To support the results of PCA, Hierarchical Clustering methods were also used. Profile-1, profile-2 and profile-3 with 1.25-fold, 1.5-fold, and 2.0-fold change were input into BRB ArrayTools http://linus.nci.nih.gov/BRB-ArrayTools.html [90]. After log-transformation the intensity values were loaded into the Gene Cluster 3.0, BRB platform. The various genes (rows) and culture times (columns) were clustered using the correlation distances with similarity metric and average linkage. Finally, a heat-map was generated using the average gene expression fold-change values at the different time points to demonstrate up-regulated genes (red), gene silencing (green) and day 7 normalized to one or no change in gene expression (black). Three major genomic profiles including profile-1 (gene silencing from day 7-28), profile-2 (gene activation from day 7-28) and profile-3 with peak expression at day 21 were generated. These data are available through the National Center for Biotechnology Information Gene Expression Omnibus [91] using accession number ID GSE35102.

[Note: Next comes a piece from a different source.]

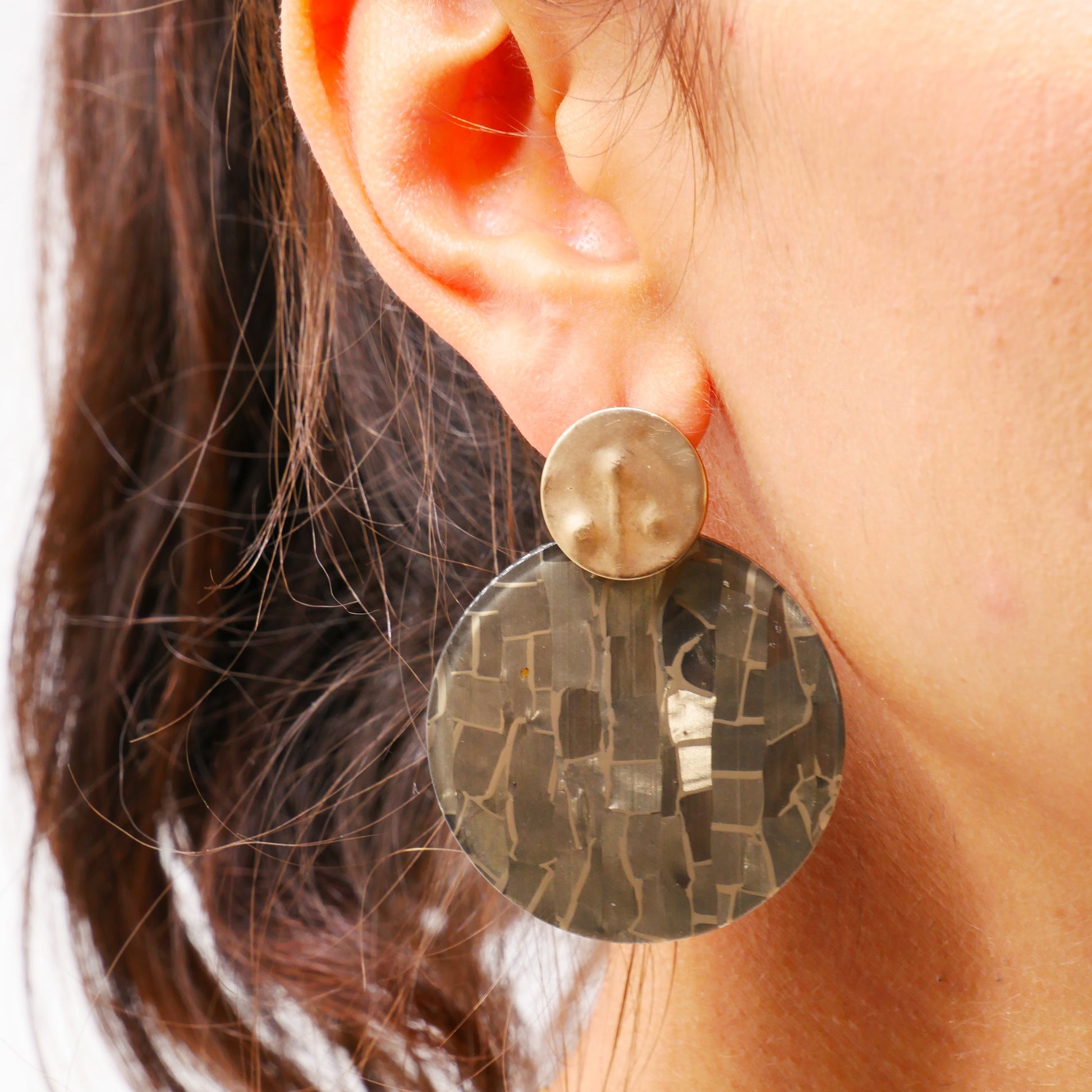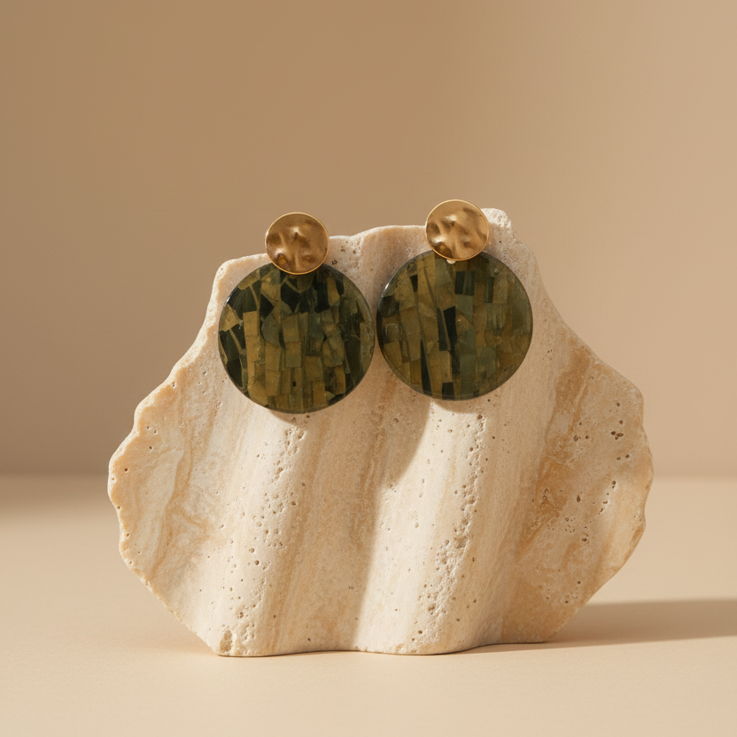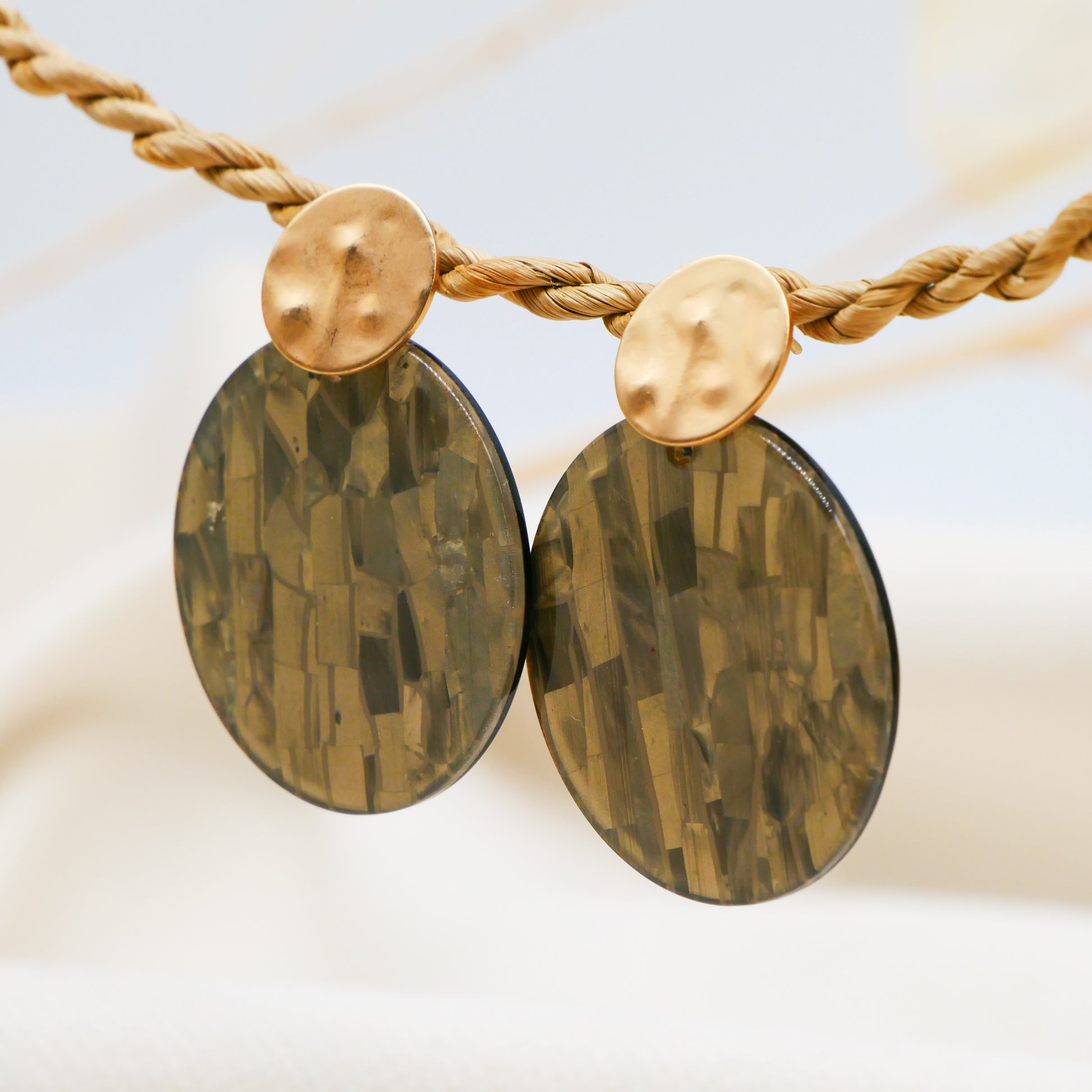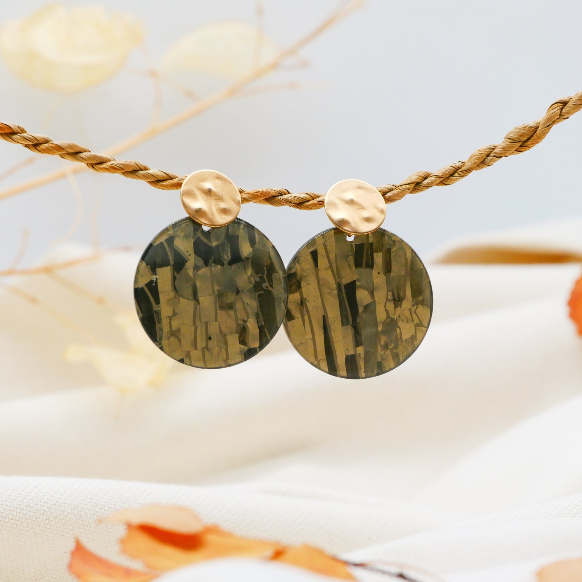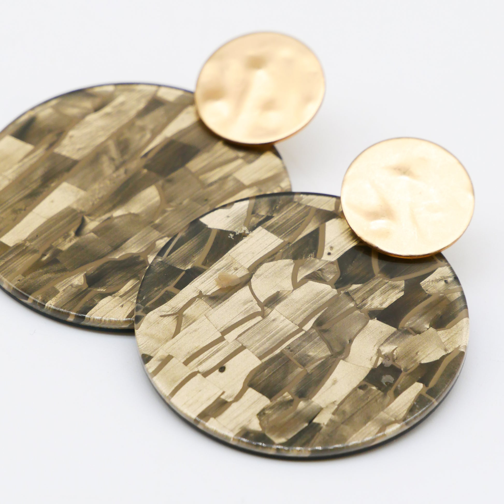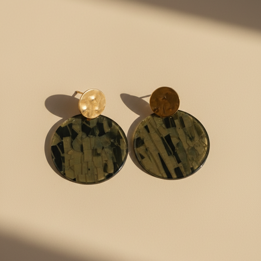 Die grau-grüne Acrylscheibe schafft eine moderne, lebendige Silhouette. Jede Scheibe trägt durch die natürliche Musterung des Acryls ihre ganz eigene Nuance – kleine Farbwirbel und feine Schattierungen, die jeden Ohrring zum Unikat machen. Leicht, auffällig und voller Charakter – ein perfektes Statement für alle, die Ohrringe lieben.
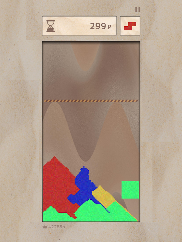 Het spel is afgelopen als het zand zich ophoopt tot aan de grenslijn bovenaan het scherm en er 3 seconden zijn verstreken.

To validate the microarray data we chose a subset of genes to analyze by RT-qPCR and performed statistical analysis to determine the correlation between microarray and RT-qPCR data. Subsets of profile-1 and profile-2 genes were analyzed using the correlation coefficient, R2 and confidence intervals of parameter were also generated in the statistical analysis. Descriptive statistics for microarray and RT-qPCR data including raw counts, means and standard error were used to present the distribution of the measured parameters. Statistical assessment of these characteristics at different time points for microarray was performed using the Student's t-test (p < 0.05 was considered significant).

DAVID GO analysis

DAVID GO software http://david.niaid.nih.gov was used to classify the large number of genes mined into biological functional groups. The gene subgroups were loaded into the GO platform and then a) the data were analyzed and Kappa scores calculated to evaluate the mining process; b) the transcriptome of each profile was categorized by biological process and molecular function using an over-representation analysis.

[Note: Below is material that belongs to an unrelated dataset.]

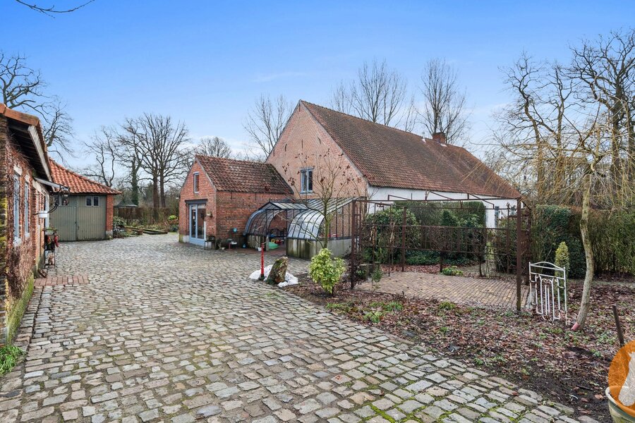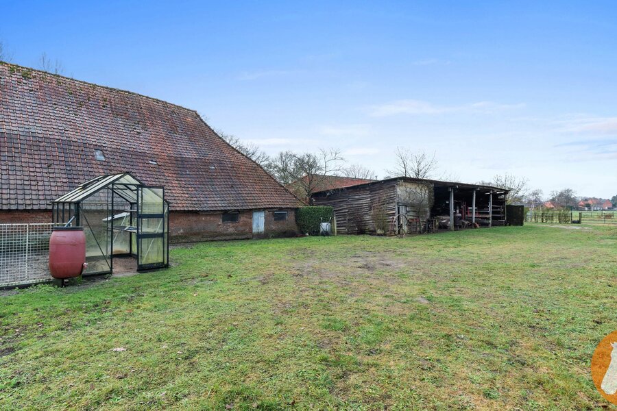 Het pand omvat een historisch woonhuis met annex klassieke Kempische schuur en een traditioneel erf, ideaal voor wie houdt van authenticiteit, rust én ruimte.
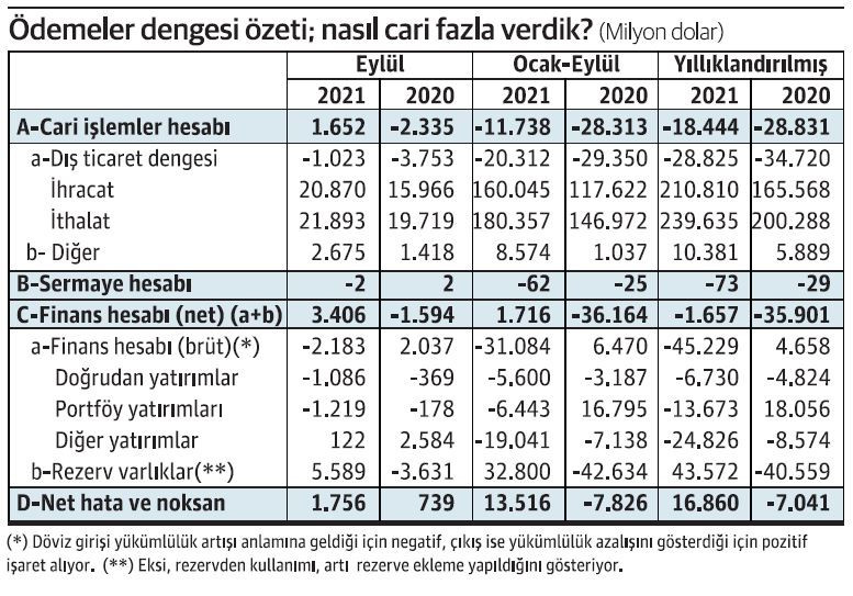 En azından son iki ay için bunu söyleyebiliriz. Merkez Bankası verilerine göre ağustostan sonra eylülde de fazla verildi. Ama yine de ilk dokuz ayda ve son bir yılda açık var. Hem zaten bu yılın tümünü de açıkla kapatacağımız kesin. OVP’de yer alan açık tahmini 21 milyar dolar. Yılın tümünde muhtemelen 21 milyar açığa çıkılmaz ama yine de 15 milyar dolar civarında bir açık makul görünüyor.

Functional genomics analysis

The pathway analyses from the mined genes were performed using IPA (IPA Ingenuity Systems, Inc., Redwood City, CA) software. Core analysis was processed using direct and indirect relationships for pathway scoring. Profile-1, profile-2, and profile-3 genes were investigated using the IPA software according to the manufacturer's instruction. The final data were reported by Pathway map and "txt" version with a hit list; P-values < 1.3 log (-) was used as a cut off for statistical significance [91].

Transcription factor analysis

To search for putative transcription factor binding sites in the β-globin locus on chromosome 11 the following software programs were used: TESS (http://www.cbil.upenn.edu/cgi-bin/tess/tess [92], TFSEARCH http://mbs.cbrc.jp/research/db/TFSEARCH.html) [93], FIRE http://quantbio-tools.princeton.edu/cgi-bin/FIRE/form.pl [94] and Weeder H version 1.0 [95]. The Genome Browser http://genome.ucsc.edu/ was employed to confirm motif coordinates in the Human Genome (version Hg 19). DNA sequences from the LCR, the 5' upstream HBG1 region, coding sequence for HBG1 and HBG2, and 3' downstream sequence (Figure 6A) were analyzed with the four platforms to identify putative binding sites for profile-1 genes. A second analysis of the LCR, HBB 5' upstream, coding and 3' downstream regions was completed to identify putative binding sites for profile-2 genes. Potential transcription factor binding sites for profile-3 genes were analyzed in a combination of the regions tested for profile-1 and -2 genes.